This document describes guidelines for your:

  • Final Project Plan and Data Source Proposal (5% of Your Final Grade, due in Moodle by Friday, 6 April at 6:30 pm Eastern).
  • Final Project Report and Presentation (20% of Your Final Grade) Presentations are Wed May 10 from 6:30 pm to 9:30 pm; report is due at by 11:59 pm Eastern of the on Friday, May 12 at 6:30 pm via Moodle.

The final project for this class will consist of an analysis on a data set of your interest. The goal of this project is for you to demonstrate proficiency in the techniques we have covered in this class (and beyond, if you like!) and apply them to a data set in a meaningful way.

Note: You can work individually or in groups of up to 3 students for this final project.


It is important that you choose a manageable data set. This means that the data should be readily accessible and large enough that multiple relationships can be explored. As such, your datavset must have at least 50 observations and more than 5 variables/attributes. (Exceptions can be made but you must notify me before.) Ideally, the data set’s variables should include categorical variables and numerical variables.

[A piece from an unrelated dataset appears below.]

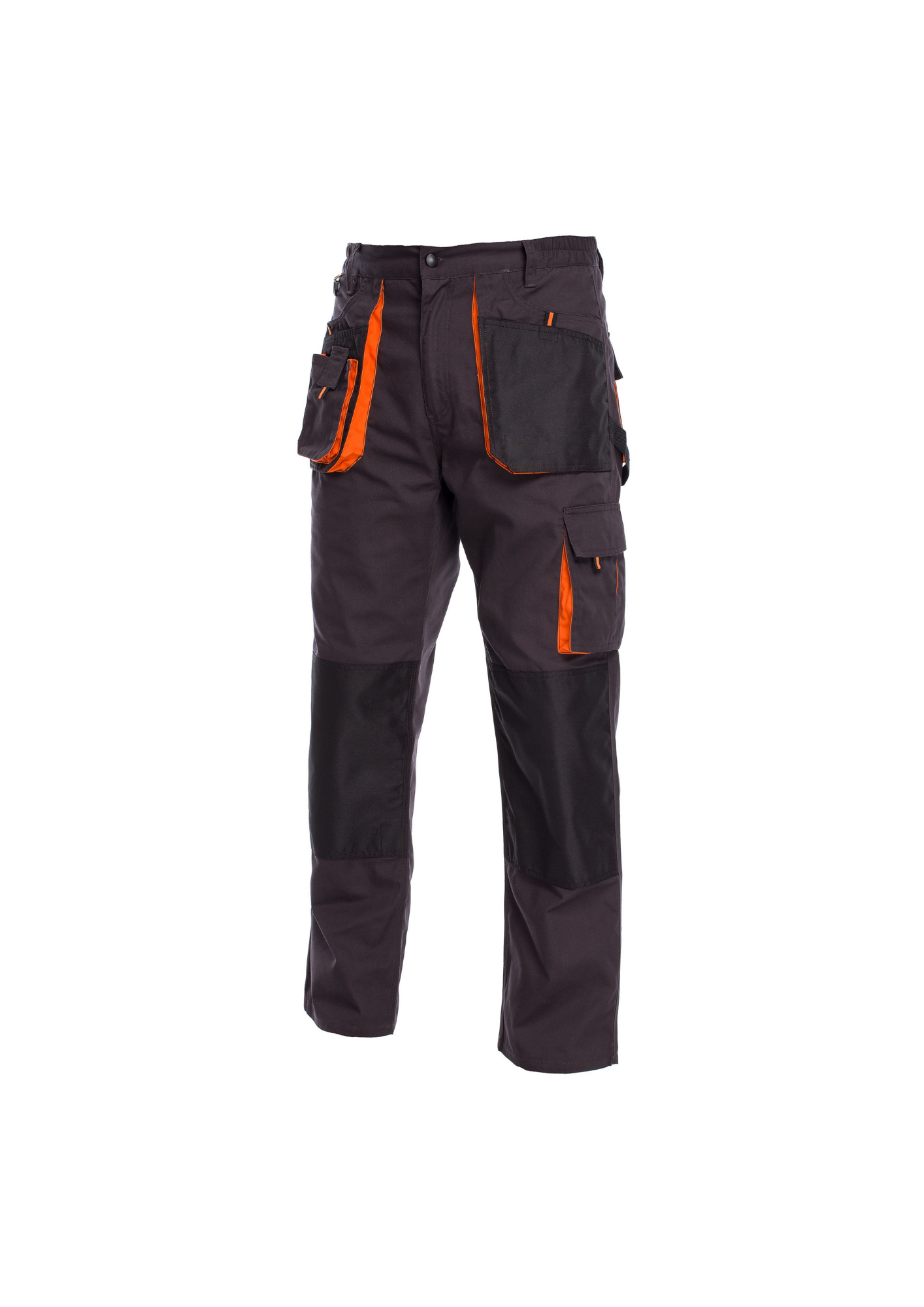 Darbinės kelnės yra pagamintos iš poliesterio – medvilninio audinio, kurio svoris 260 g / m². Turi 9 funkcines kišenes, įskaitant dvigubas priekines kišenes su papildoma išmaniojo telefono kišene, galines kišenes su „Velcro“ atvartu bei 2 nedideles kišenes pieštukui ir liniuotei susidėti. Labiausiai dylančios vietos sutvirtintos ilgaamžiu, atspariu trinčiai, plyšimams ir drėgmei OXFORD audiniu. Funkcionalumo suteikia kelių srityje prisiūtos kišenės skirtos antkeliams įsikišti. Kelnės pasiūtos iš trigubų siūlių, todėl užtikrina kokybišką dėvėjimą. Apsaugo nuo purvo ir minimalaus trinties poveikio, todėl puikiai tinkamas: autoservisuose, lentpjūvėse, ūkyje, nes audinys taip pat nesurenka dulkių ir gerai skalbiasi.

All analyses must be done in RStudio. An exception will be made if you want to use models, data sets and libraries in HuggingFace hub; in that case you would be better off using Python but I am not planning to cover that till the end of the semester, if we have time. Also, if you are using a data set that comes in a format that we have not encountered in class yet, make sure that you are able to load it into RStudio (for example reading data from JSON files, performing web-scraping, or using an API to gather observations). If you are having trouble, ask for help before it is too late.

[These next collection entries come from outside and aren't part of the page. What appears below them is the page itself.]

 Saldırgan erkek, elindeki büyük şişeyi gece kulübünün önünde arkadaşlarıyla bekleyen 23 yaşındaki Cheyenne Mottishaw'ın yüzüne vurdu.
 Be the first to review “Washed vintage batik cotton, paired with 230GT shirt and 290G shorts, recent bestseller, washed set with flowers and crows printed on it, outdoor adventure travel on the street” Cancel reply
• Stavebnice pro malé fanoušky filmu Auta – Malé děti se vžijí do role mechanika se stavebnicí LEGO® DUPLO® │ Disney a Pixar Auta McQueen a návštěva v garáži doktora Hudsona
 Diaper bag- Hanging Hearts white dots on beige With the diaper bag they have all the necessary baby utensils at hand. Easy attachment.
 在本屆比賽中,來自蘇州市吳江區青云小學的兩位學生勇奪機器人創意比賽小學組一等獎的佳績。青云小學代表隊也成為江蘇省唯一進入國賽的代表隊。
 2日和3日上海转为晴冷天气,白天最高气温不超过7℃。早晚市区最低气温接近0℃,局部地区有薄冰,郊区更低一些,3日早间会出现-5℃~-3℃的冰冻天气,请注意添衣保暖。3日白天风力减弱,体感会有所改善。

Some available data sources for this final project are listed at the end of this document. Please contact me as soon as possible to discuss the possibility of using an alternative data source.

Final Project Plan and Data Source Proposal

The Final Project Plan and Data Source Proposal is a draft of your introduction and motivation behind your selected data set and topic. Write the about your topic in a R markdown file called ideas.Rmd.

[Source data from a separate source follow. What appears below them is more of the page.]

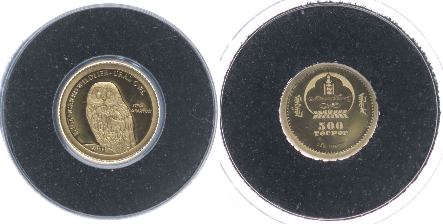 500 Tugrik 2011 - Puštík bělavý, Au 999, 11 mm, 0,5 g_orig.kapsle
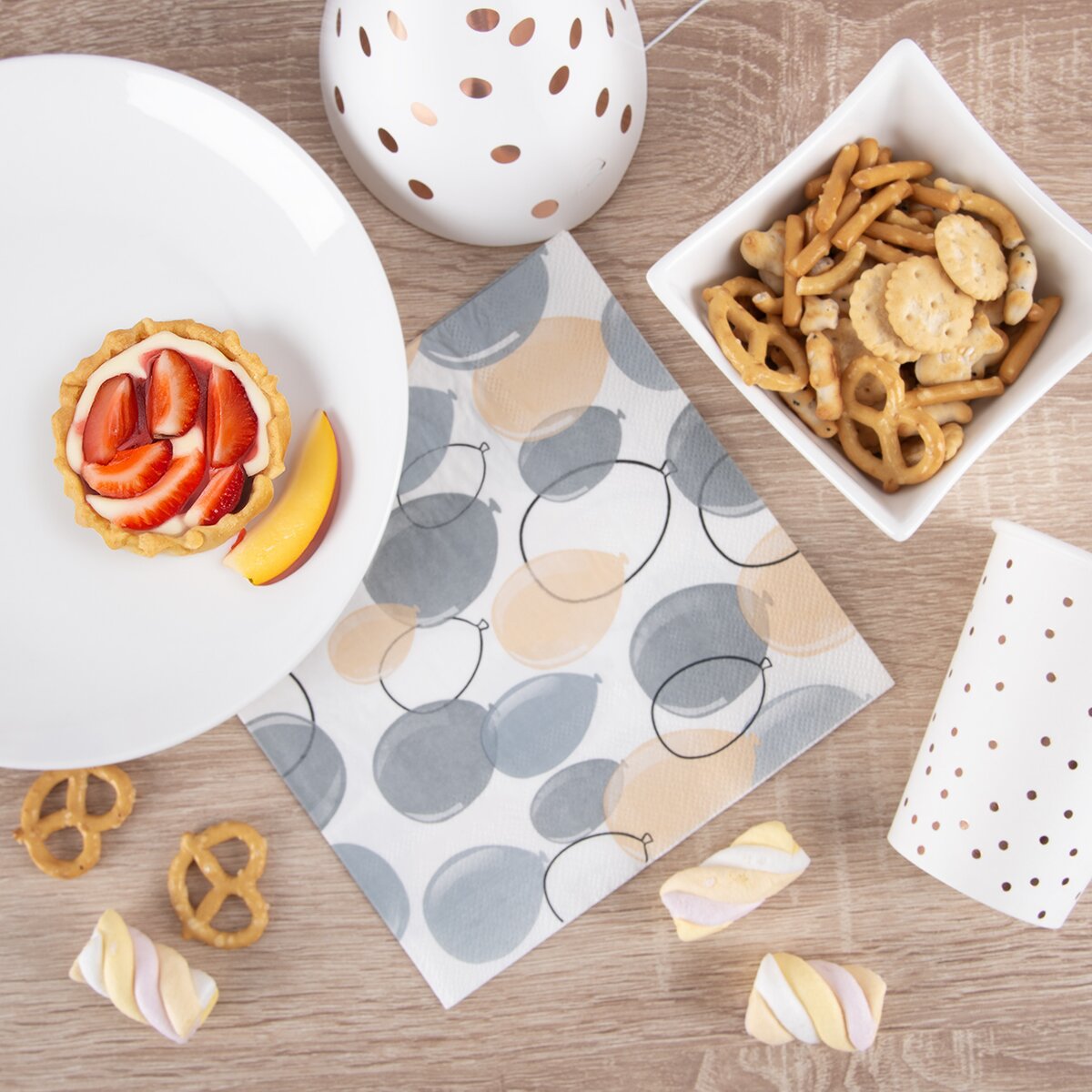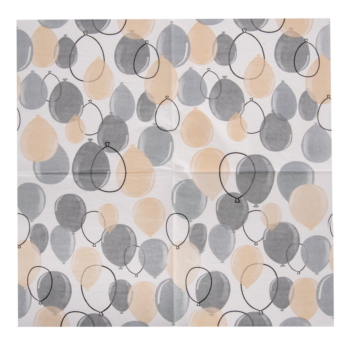 Hurá na párty plnú pekne naservírovaných dobrôt. Na rodinnej aj detskej oslave sú na utretie úst a rúk potrebné obrúsky, ktoré k stolovaniu tiež patria. Tieto zdobia šedobéžový motív nafúknutých balónikov, ktorý sa hodí na záhradnú párty alebo oslavu jubilea.
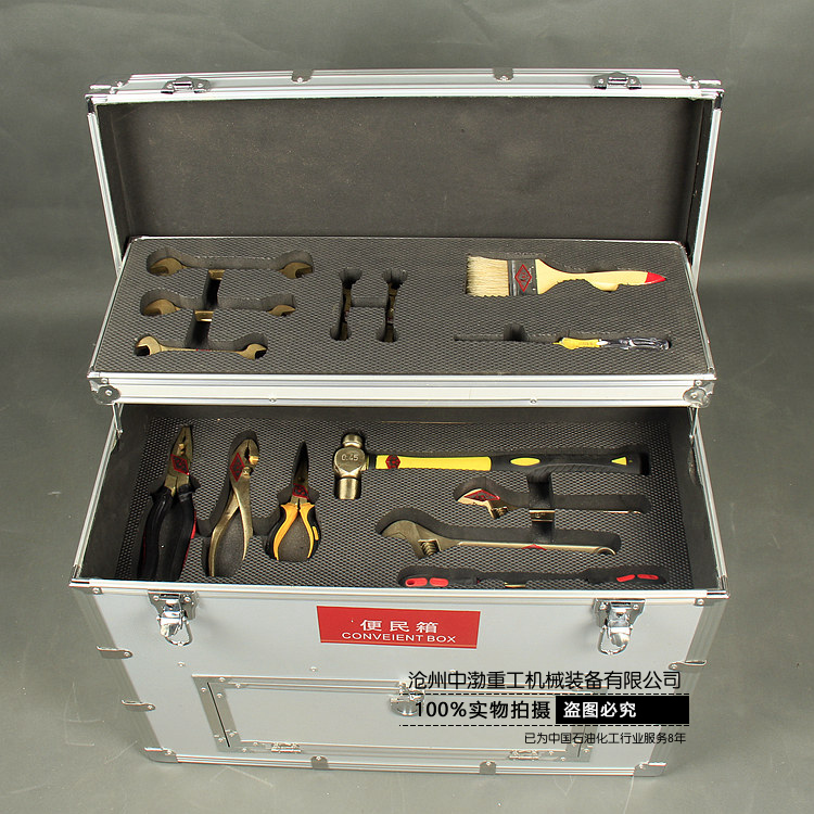 防爆便民箱/便民箱(中石油標(biāo)準(zhǔn)配置)包括:毛刷、電筆、防爆雙頭呆扳手、防爆活扳手、防爆圓頭錘、防爆一字螺絲刀、防爆十字螺絲刀、防爆尖嘴鉗、防爆克絲鉗、防爆鯉魚(yú)鉗。
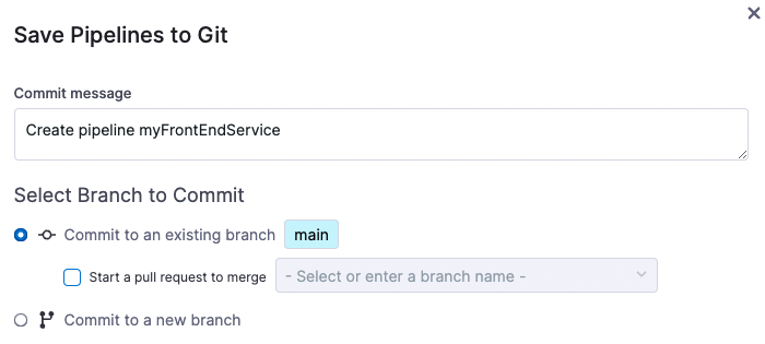 Select Commit to a new branch and enter the branch name. In this case, we save the pipeline in a new branch
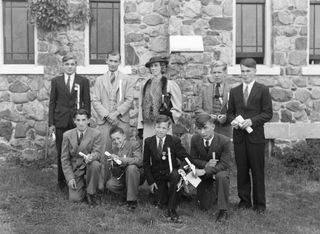 Nous voyons un groupe de jeunes diplômés en agronomie posant, diplôme en main, à l'extérieur de l'église de Shawbridge (devenue Prévost) dans les Laurentides
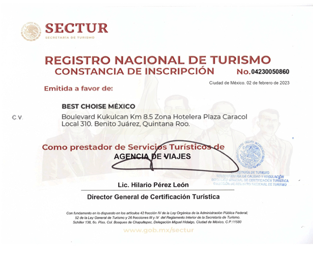 Gracias a su agencia, tuvimos unas vacaciones inolvidables en la Riviera Maya. Excelente atención y recomendación de tours.

This is due on or by April 8 at 6:30 pm. See Moodle turn-in link for details

Generating ideas is the first step to starting any project! This is the place for you to generate topic ideas and identify data sets that could be used to explore these topics.

Identify topics of interest for the project. They should be detailed enough, in a way that you have some guidance as you start analyzing your data. For example, a topic idea may be “characteristics of popular movies.”

Please note that if you are doing your project in a group then each group member should still turn in a submission (ideas.Rmd and your data file) for the proposal. Ideally the proposal submission from each group member would be basically the same. Please state who you are working with if you are doing this in a group.

Deliverables for proposal

  • You will upload your work using the provided zipped folder that appears on the Assignment “Final Project Plan and Data Source Proposal. See Moodle turn-in link

  • Put ideas.Rmd and your raw data set in the provided zipped folder which you will upload via Moodle in the corresponding assignment page for the Final Project Plan and Data Source Proposal.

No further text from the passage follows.